Birthday: December 18, 1863
Died At Age: 50
Sun Sign: Sagittarius
Born in: Graz
Famous as: The person whose assassination sparked the First World War
Spouse/Ex-: Duchess of Hohenberg, Sophie
father: Archduke Karl Ludwig of Austria
mother: Princess Maria Annunciata of Bourbon-Two Sicilies
siblings: Archduke Otto of Austria
children: Duke of Hohenberg, Maximilian, Prince Ernst of Hohenberg, Princess Sophie of Hohenberg
Died on: June 28, 1914
place of death: Sarajevo
Cause of Death: Assassination
City: Graz, Austria
Who was Archduke Franz Ferdinand?
Franz Ferdinand was an Archduke of Austria-Este and the heir presumptive to the Austro-Hungarian Empire. Initially he was only third in line to the throne, but certain unexpected events led to dramatic twists in his life. His cousin Prince Rudolf of Austria, who was originally the Crown Prince, committed suicide in 1889, leaving Franz Ferdinand's father, Karl Ludwig, as first in line to the throne. In another unexpected twist of fate, Karl Ludwig died of an illness a few years later making Franz Ferdinand the heir to the throne.

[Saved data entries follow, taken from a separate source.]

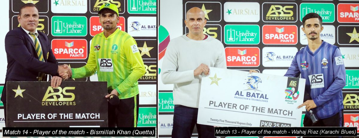جواب میں کراچی بلوز نے کپتان غازی غوری کے 37 گیندوں پر 50 رنز کی بدولت ہدف 19 ویں اوور میں حاصل کر لیا۔عثمان رحیم نے 19 گیندوں پر 33 جبکہ پلیئر آف دی میچ وہاج ریاض نے 12 گیندوں پر ناقابل شکست 15 رنز بنائے۔آزاد جموں کشمیر کی جانب سے فیضان سلیم کی تین وکٹیں۔ ساتویں راؤنڈ کے دوسرے میچ میں کوئٹہ کی ٹیم نے لاڑکانہ کے خلاف 62 رنز کی اہم فتح حاصل کی۔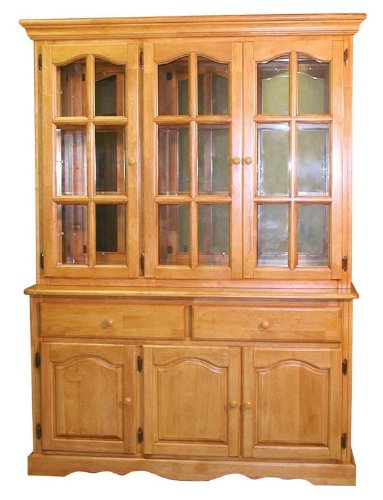 3 Door Buffet and Lighted HutchbySunset Trading Trusted 20 Years Experience Overall 555 in W x 18 in D x 75 in H Three raised panel doors with adjustable shelf Rich honey light oak finish Ships ready for easy assembly Intricate crown molding along the top Constructed of Asian hardwood and woo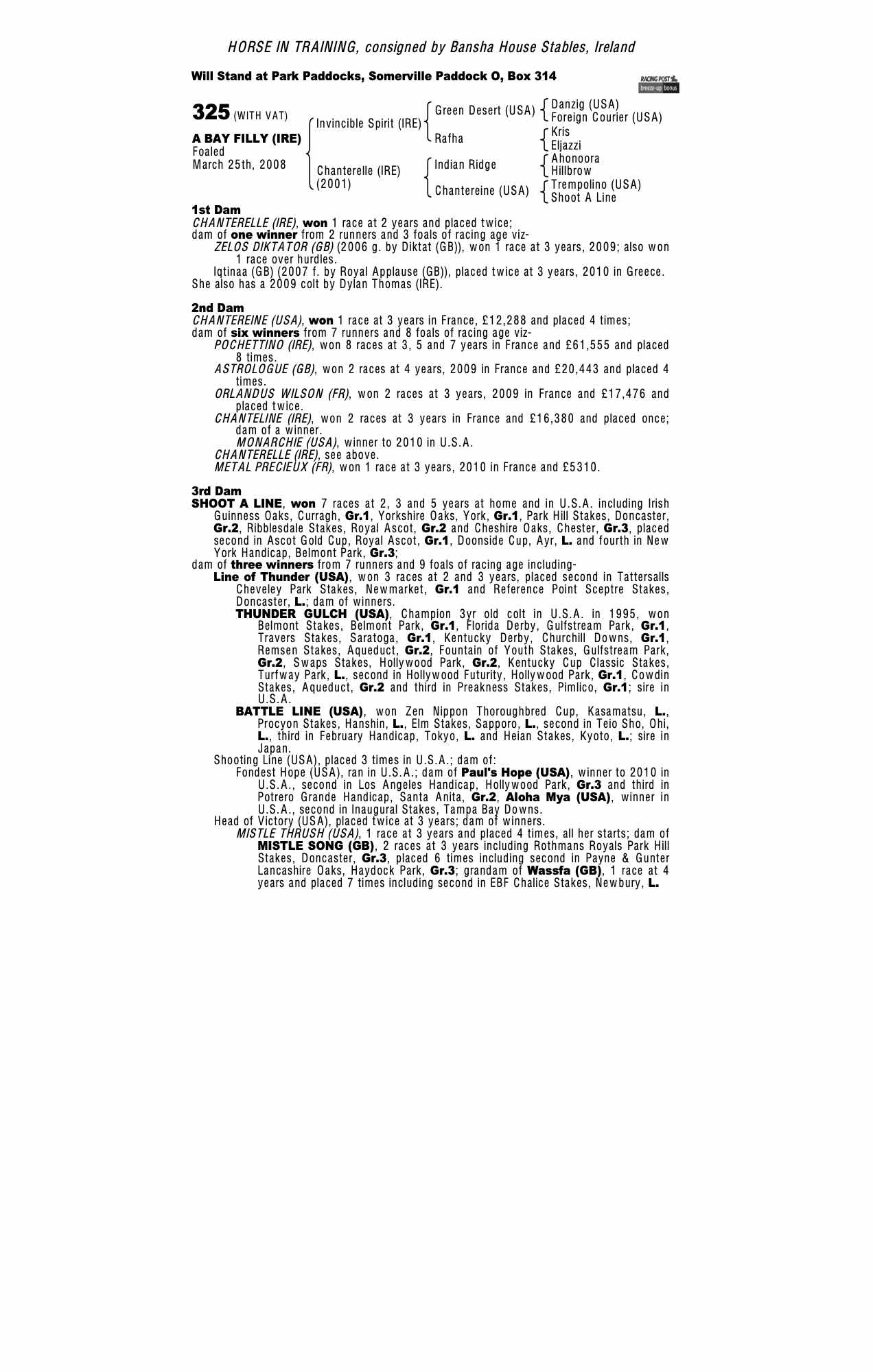 Invincible Spirit (IRE) / Chanterelle (IRE) B.F. (IRE)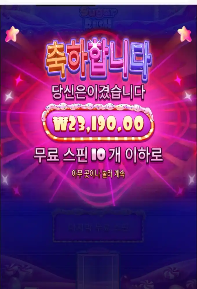 슈가러시 플레이 장면 중 핵심 당첨 구간을 보여주는 이미지로, 당첨금 23190 정보가 같이 보입니다. 요샌 본전만되도 .. 요샌 본전만되도 ..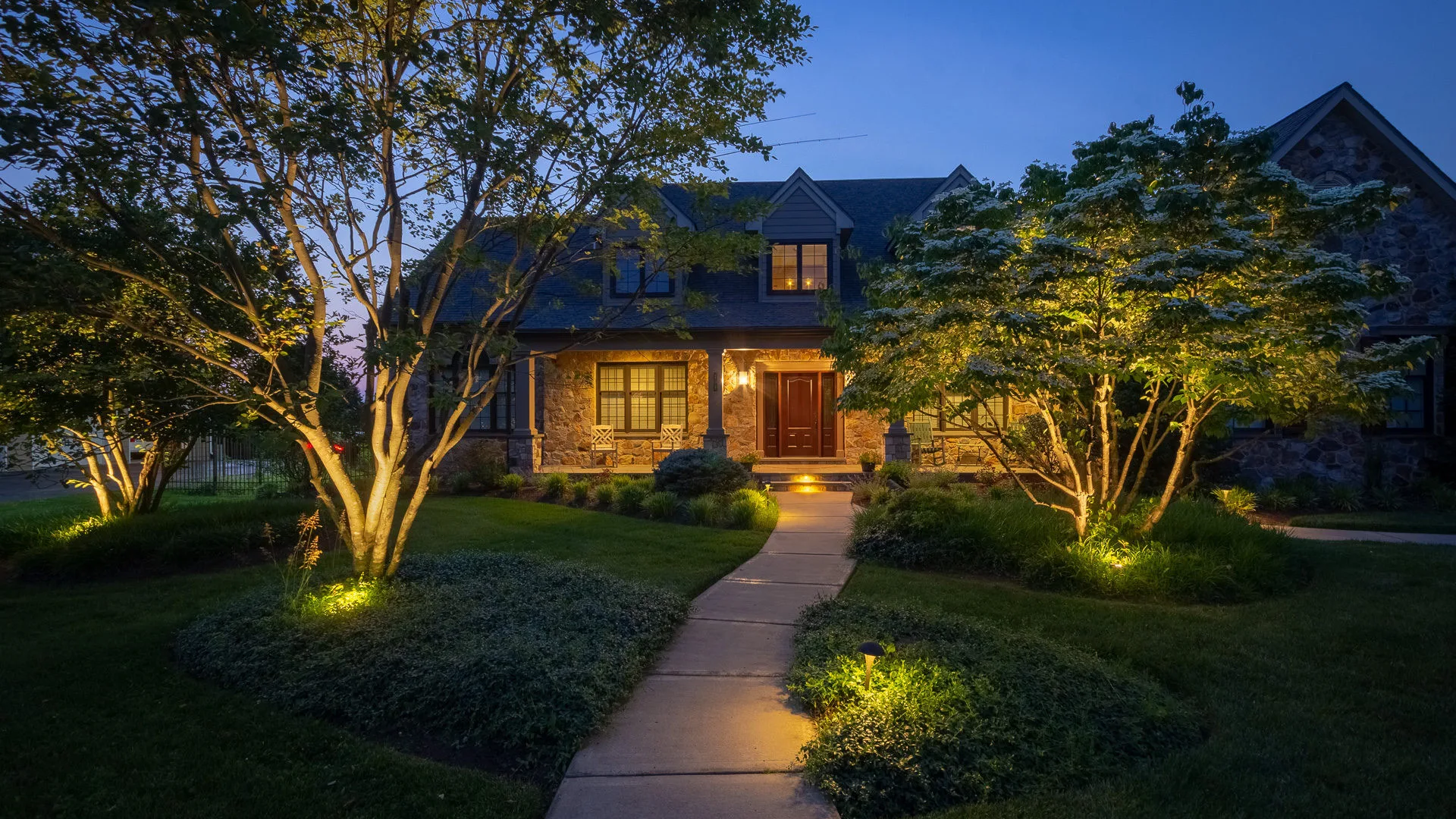Second-Order Effect: The downward light provides enough ambient glow to eliminate the need for artificial-looking path lights on the lawn.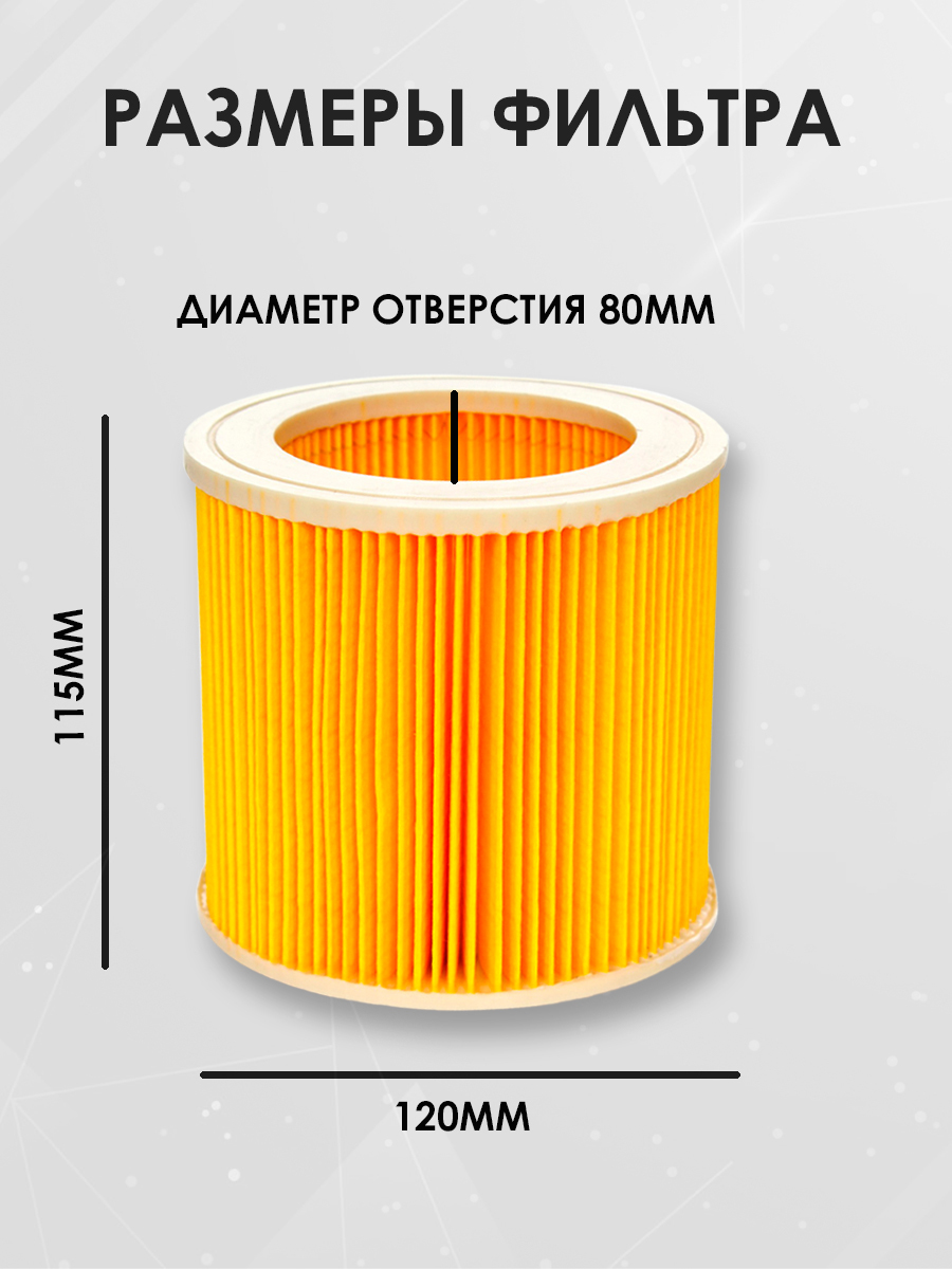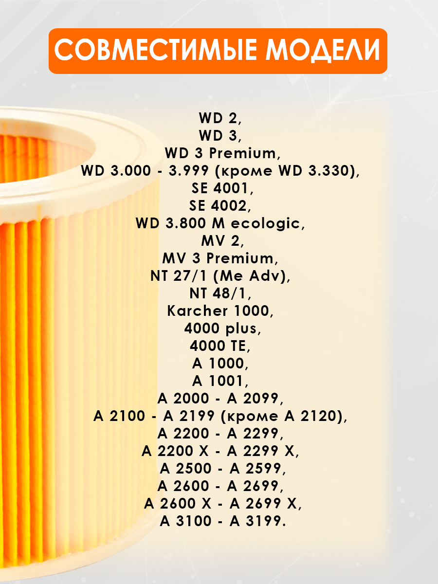 Описание: Фильтр для пылесоса керхер (Karcher) изготовлен из высококачественных материалов. Эффективность очистки до 99%. Моторный фильтр керхер обеспечит эффективную очистку воздуха, значительно уменьшая попадание пыли, пыльцы, продукты жизнедеятельности домашних животных и других аллергенов в воздух, которым вы дышите. Легко снимается и заменяется как часть обычного обслуживания.Рекомендации: чтобы ваш пылесос для дома работал с максимальной отдачей, необходимо промывать фильтры один раз в месяц и меняться каждые 2 - 3 месяца.Круглый фильтр совместим с моделью Kercher: A 2000-2099, A 2204-2299, A 2500-2599, A 2600-2699, MV 2, MV 3 Premium, NT 27/1, NT 48/1, SE 4001, SE 4002, WD 2, WD 2.000-WD 2.999, WD 3.000-WD 3.999, 1000, 4000 Plus, 4000 TE, A 1000, A 1001, A 2100-2199, WD 3, WD 3 Car, WD 3 P, WD 3 Premium, karher A 2200-2299, A 2200 X-2299 X, Карчер A 2600 X-2699 X, A 3100-3199, WD 2 Home, NT 27/1 Me, NT 27/1 Me Adv, kerher. В нашем магазине x8 group вы можете найти аксессуары для бытовой техники: мешки, щетки, тряпки и сменные фильтры

Franz, like most males in the ruling Habsburg line, had entered the Austro-Hungarian Army at a young age. Starting his military career at the tender age of 12, he quickly rose through the ranks to become the colonel at 27 and major general at 31. Being the heir presumptive, he was made the Inspector General of the Austro-Hungarian Army, and he proved to be much popular in this position due to his promotion of naval expansion and military modernization. In 1914, he accepted an invitation from General Oskar Potiorek, Governor of the Austrian provinces of Bosnia-Herzegovina, to visit the capital of Bosnia, Sarajevo, to inspect army maneuvers and went there with his wife. This trip proved fatal for the couple as they were shot dead by a group of assassins and this incident incited Austria-Hungary's declaration of war against Serbia which in turn sparked the First World War.
Childhood & Early Life
He was born on 18 December 1863 in Graz, Austrian Empire as the eldest son of Archduke Karl Ludwig of Austria and of his second wife, Princess Maria Annunciata of Bourbon-Two Sicilies.
He was a member of the House of Habsburg, rulers of the Holy Roman Empire, the Austro-Hungarian Empire and the Spanish Empire and his father was the younger brother of Austro-Hungarian Emperor Franz Joseph.
He received his primary education from private tutors and joined the Austro-Hungarian Army at a young age.
His cousin Prince Rudolf, who was the Crown Prince to the Austrian Empire committed suicide at his hunting lodge in Mayerling in 1889. This event meant that Franz’s own father, Karl Ludwig became the first in line to the throne.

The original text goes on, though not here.